# bash script with windows?



## Bigjohn123

I didn't know where to post this, since it deals with both UNIX & windows.

Anyway, is there a way to run this script on windows xp?


Code:


#!/bin/bash
# Finds the strongest unencrypted AP and tries to connect to it via dhcp
# Call this script like "wifi.sh wlan0"
TEMP=/tmp/bestap.tmp
LOCK=/var/lock/bestap.lock
if [ `whoami` != "root" ];then
        echo "Sorry, you need to be root to run this program"
        exit 1
fi

if [[ -z $1 ]];then
        echo "USAGE: $0 device"
        exit 1
else
        interface=$1
fi

# Checking for lock
if [[ -e $LOCK ]];then
        exit 1; # Too simply nothing to do here :)
else
        touch $TEMP $LOCK
fi


# Proggy
iwlist $interface scan > $TEMP
NumAPs=`cat $TEMP | grep ESSID | wc -l`
BestAP=0
BestQuality=-1
for i in `seq 1 $NumAPs`;
do
   # Check if AP is encrypted
   Encryption=`cat $TEMP | grep Encryption | head -n$i | tail -n1 | cut -d":" -f2`
   if [ $Encryption = "off" ]; then
      # Find AP with the highest quality
      QUALITY=`cat $TEMP | grep Quality | head -n$i | tail -n1 | cut -d":" -f2 | cut -d"/" -f1 | sed 's/ //g'`
      if [ "$QUALITY" -gt "$BestQuality" ]; then
         BestQuality=$QUALITY
         BestAP=$i
      fi
   fi
done
if [ $BestAP -gt 0 ]; then
   # Yay, we found an unencrypted AP:
   echo Connecting to...
   ESSID=`cat $TEMP | grep ESSID | head -n$BestAP | tail -n1 | cut -d""" -f2`
   echo ESSID=$ESSID
   MODE=`cat $TEMP | grep Mode | head -n$BestAP | tail -n1 | cut -d":" -f2`
   echo Mode=$MODE
   CHANNEL=`cat $TEMP | grep Channel | head -n$BestAP | tail -n1 | cut -d"(" -f2 | sed 's/Channel //g' | sed 's/)//g'`
   echo Channel=$CHANNEL
   # Connect
   iwconfig $interface essid $ESSID mode $MODE channel $CHANNEL
   if [ -e /etc/dhcpc/dhcpcd-${interface}.pid ]; then
      rm /etc/dhcpc/dhcpcd-${interface}.pid
   fi
   dhcpcd $interface
   # Cleanup
fi
rm -f $TEMP $LOCK

Also, would anyone know how to make this file executable? I know the code to do it, but I do not know where to place it in the script.

thanks!


----------



## lotuseclat79

If you download and install the Cygwin environment for Windows you may be able to execute the script.

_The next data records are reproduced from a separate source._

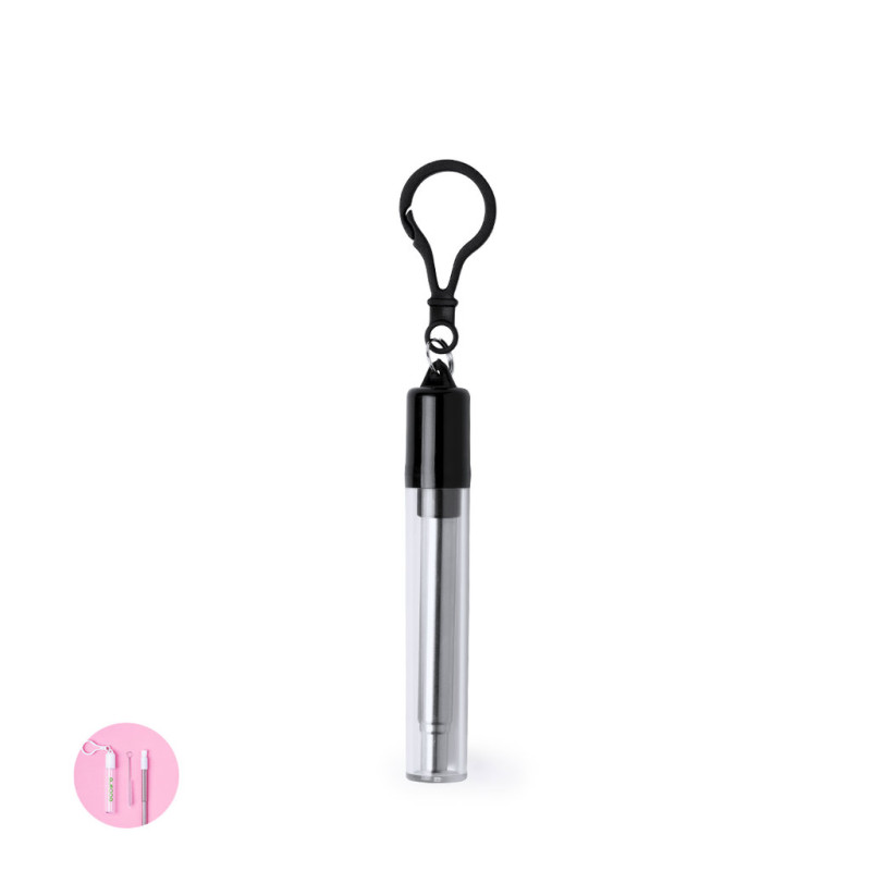 Reusable and extensible straw in stainless steel material with silicone tip. Including cleaning accessory and presented in a transparent case with carrying accessory.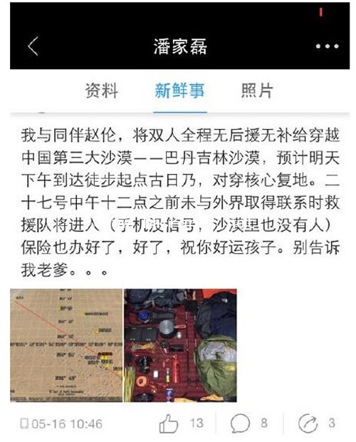 昨天,一则无锡男孩潘家磊失联的消息在微博微信等社交媒体上被热传:“右边的是我弟弟潘家磊,左边是他同学赵伦(见图)。两人于5月17日从古日乃徒步进入巴丹吉林沙漠,进行大穿越,预计27号中午12点前出沙漠,但是到现在没有任何消息。目前已经启动救援预案,救援协调人:马江龙,电话15002575300。”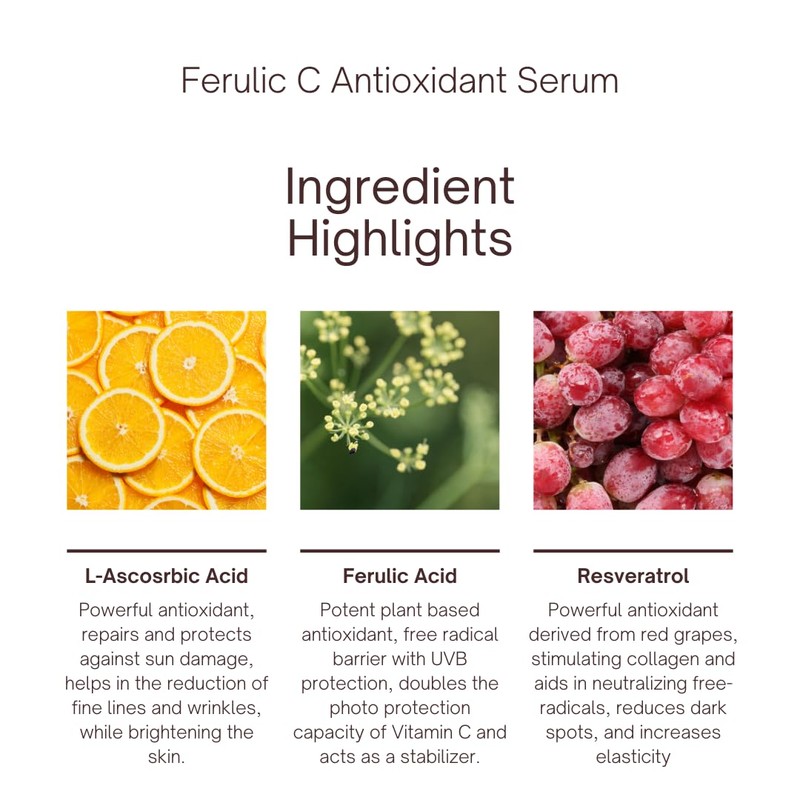 - .05% FERULIC ACID / VITAMIN E – A powerful plant based antioxidant, free radical barrier with UVB protection, doubles the photo protection capacity of Vitamin C and acts as a stabilizer.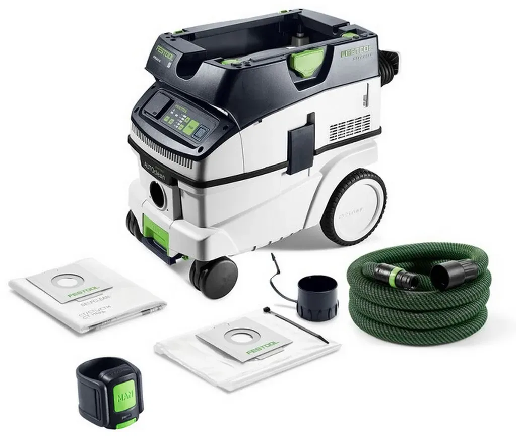 Reinigen Sonstige - EAN:4014549430637 - Freier Filter. Dank automatischer Abreinigung AUTOCLEAN. Eigenschaften: AUTOCLEAN: Effektivere, automatische Hauptfilterabreinigung für konstant hohe Saugleistung. Abreinigungsintervalle (15, 30, 60 oder 120 Sekunden) per App einstellbar. Vollabreinigung bei stark zugesetztem Filter Intuitiv: Touch-Bedienung für einfache Steuerung des Saugers Automatik-Steckdose: Für kabelgebundene Elektrowerkzeuge. Startet das Elektrowerkzeug, startet automatisch auch dein Sauger Saugleistung: Kann je nach Anwendung in 5 Stufen eingestellt werden Smart: Durch die integrierte Bluetooth R Technologie startet der Sauger über Bluetooth R Akkupacks oder optionale Fernbedienung automatisch Komfortabel: T-LOC Funktion für leichte Anbindung der Systainer auf dem Absaugmobil Leistungsstark: Konstant hohe Saugleistung durch kompakte Hochleistungsturbine Antistatik-Funktion: Gegen statische Aufladung beim Arbeiten Aufgeräumt: Schlauchdepot und Kabelaufwicklung für mehr Ordnung und Sicherheit Glatter Saugschlauch: Mit konischer Geometrie für reibungslose Abläufe ohne Einhaken und starke Saugleistung Transport: Große, schwenkbare Rollen und integrierte Bremse für optimale Mobilität und sicheren Stand Wirtschaftlich: Optimale Volumenausnutzung des Behälters Aufrüstbar: Mit Druckluftmodul oder Steckdosenmodul Zulassung: Staubklasse M Anwendung: Für gesundheitsgefährdende Holzstäube und mineralische Stäube der Staubklasse M mit Grenzwerten 0,1 mg/m³ Flexibel und ... Dieses eBay-Angebot ist preislich sehr kompetitiv und bietet das Standardmodell des Absaugmobils. ![]() ![]() FESTOOL Absaugmobil - CLEANTEC CTM eBay 26 EI AC - 577851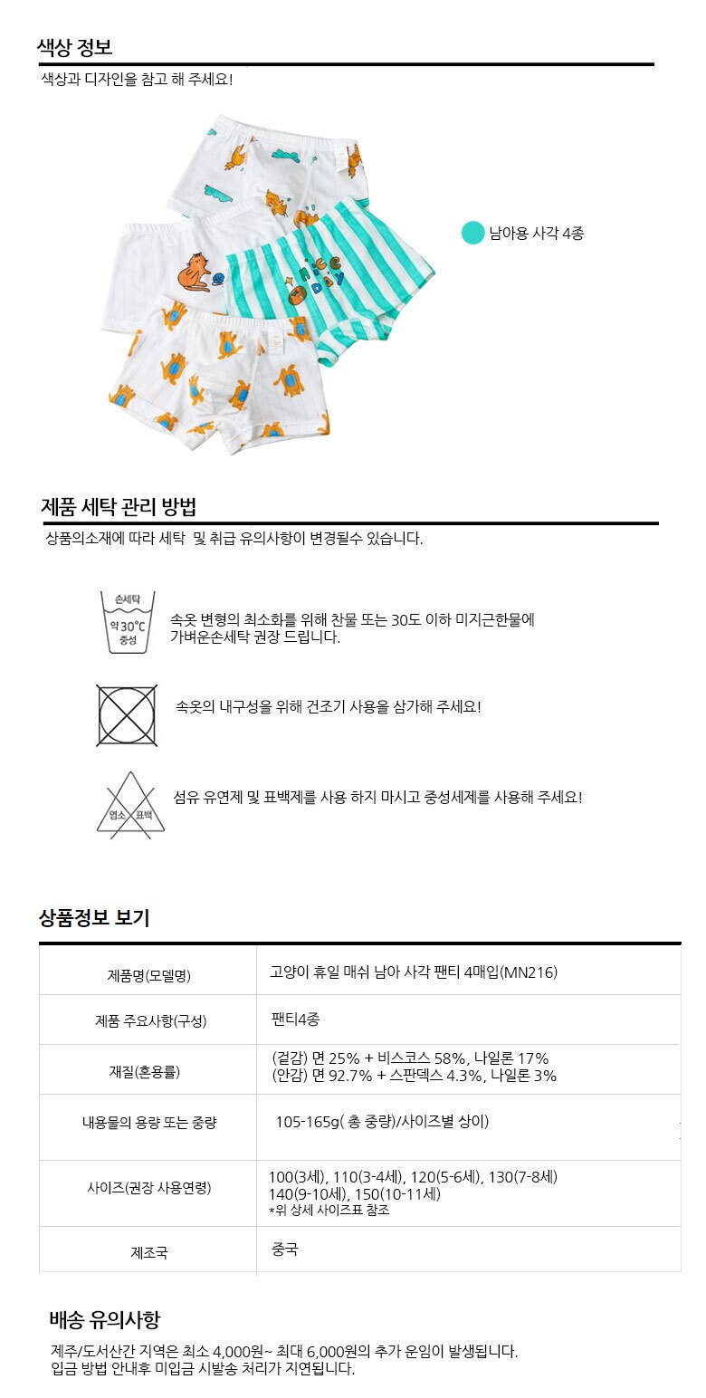 고양이휴일 매쉬 남아 사각팬티 4매(MN216)

Within a Cygwin terminal window you might be able to issue the chmod command to make the script executable: 
# chmod 700 scriptname
i.e. in a Unix-like environment, the chmod command is issued to make a shell file executable, i.e. which you could do from within a script that you generate, or issue a command like: 
# sh scriptname
where the 'sh' script is a link to the 'bash' shell executable.

I base these statements on:
1) I think Cygwin has a bash shell - but, I do not know for sure.
2) If Cygwin has a bash shell, it might have a chmod command as well - but, I do not know for sure.

Note: The Cygwin gcc compiler would have to be able to compile those commands for this to work, i.e. the bash shell, and the chmod command.

Here is a link to Cygwin where you may be able to find the answers to those questions in the FAQ: http://www.cygwin.com

-- Tom


----------



## Bigjohn123

It worked, thanks! I have cygwin, but I never knew where to issue the chmod command. Now I know, thanks again.


----------